In 1984, Chrysler Corporation was on a cusp. They had just been saved by government loan guarantees, and years of engineering time on the incredibly flexible K-car chassis was about to bear fruit with a wide range of cars, from the basic Reliant to the Limousine to the minivan. The Limousine and Executive would be consigned to the ash-bin, due largely to their 2.6 liter Mitsubishi engine - hardly a good choice to pull around a heavy luxury car - but the minivan would take off to become Chrysler's best selling vehicle, and a perennial Canadian favorite.
The Daytona appeared as well, starting a long run that would garner a sizeable number of loyal buyers, and keeping Chrysler in the performance magazines for a while.

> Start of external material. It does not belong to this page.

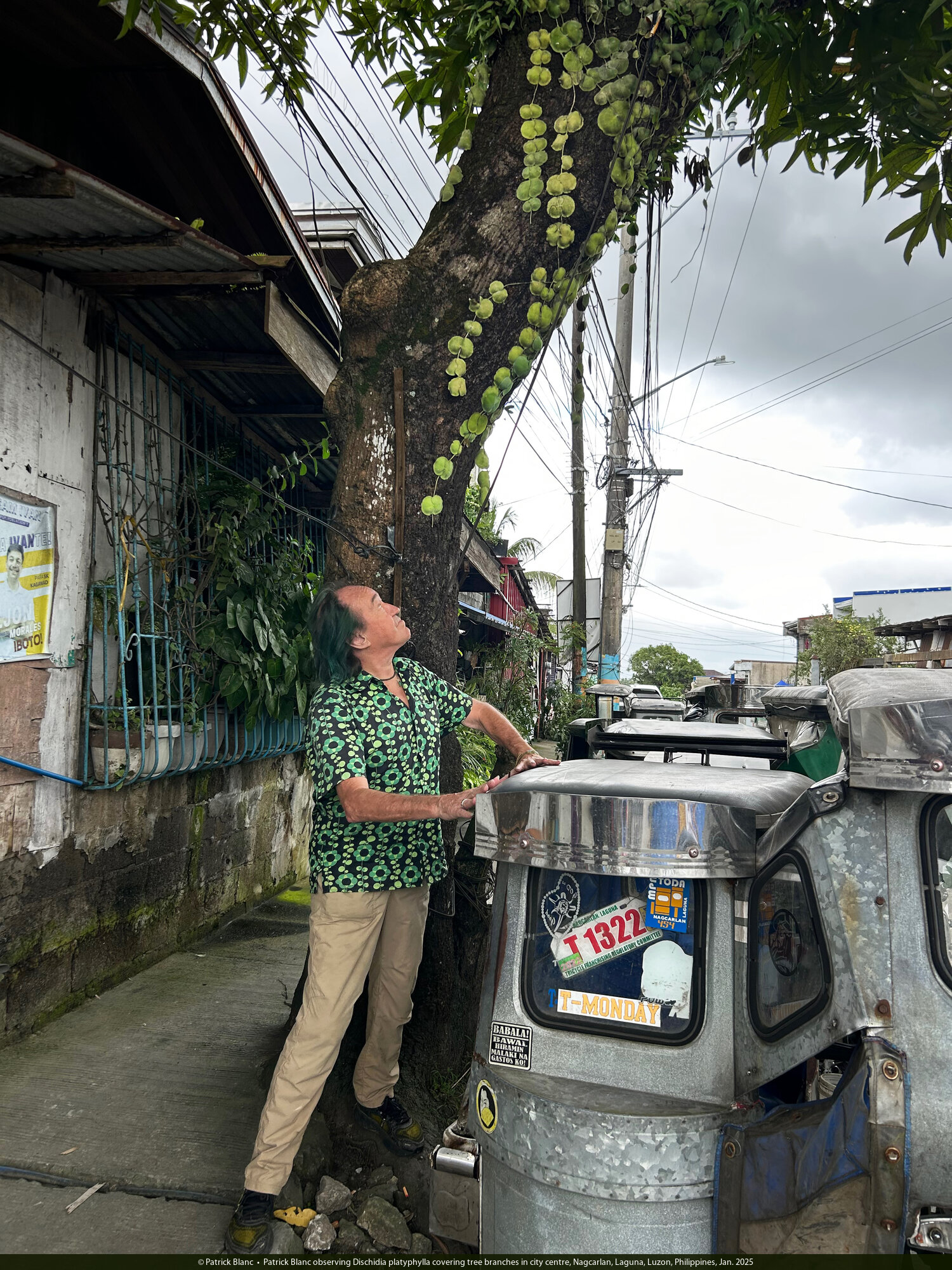 Patrick Blanc observing Dischidia platyphylla covering tree branches in city centre, Nagcarlan, Laguna, Luzon, Philippines, Jan. 2025

The first turbocharged 2.2 liter appeared, which should have helped eliminate the 2.6 engine; it produced a full 142 horsepower, adding nearly 55 hp to the standard 2.2, using multiple-port injection rather than throttle body injection.
In general, Chrysler was getting quite a lot out of a relatively small engineering budget in those days, though both the minivan and luxury-car versions of the K-car desparately needed a good V6 - which would eventually be supplied by Mitsubishi and then by Chrysler itself.
Financially, 1984 was an excellent year for the company. Sales rose from around 1.5 million to 2 million vehicles, worldwide; but net profits rose even more, reflecting a lower cost structure and the amortization of fixed costs over a much larger number of vehicles. Most of the gain was in “trucks,” which not surprisingly includes minivans — car sales went up from around 970,000 to 1,163,000 in the US, while truck/minivan sales shot up from 294,703 to 573,248. Minivans carried a nice price premium, too. (The Canadian pattern was similar but car went up more.)
Chrysler was by this time essentially a North American outfit. 85% of sales were in the United States, with Canada supplying nearly all the rest; just 3% of sales were outside of those nations (and Mexico was likely a large chunk of that 3%).
Despite the success of the Horizon (Omni) and Reliant (Aries), Chrysler was also importing a variety of Mitsubishis, a practice the company would continue until it became part of Daimler-Benz - though Bob Lutz nearly succeeded in cutting off the Mitsubishi supply earlier. Chrysler marketed all their Mitsubishis as imported, to appeal to buyers who refused to even consider American cars, thinking imports had to be more fun to drive and more reliable. Dealers were told to only compare their Colts, Vistas, and Conquests to other imported cars, not to the domestics; and that the import buyers tended to be younger, to shop around more, and to ask more questions.
On a lesser note, all radios gained a digital clock and electronic tuning for 1984.
Specifications for all the vehicles sold by Chrysler and Plymouth, and most Dodges, are below:
Chrysler had geared up for continuing high gas prices, so gas prices fell, leaving Chrysler without a traditional large sedan to attract the traditional B, C, and D body buyers. Chrysler would continue to meet national gas mileage standards as GM and Ford failed; Ronald Reagan simply rolled back the standards so that GM and Ford would not have to worry about being fined, as Lee Iaccoca fumed (indeed, Iaccoca sponsored ads that protested the clemency). Chrysler barely had the resources to keep its three major carlines going (essentially, the L-bodies, K-cars and their derivatives, and F-body derivatives.)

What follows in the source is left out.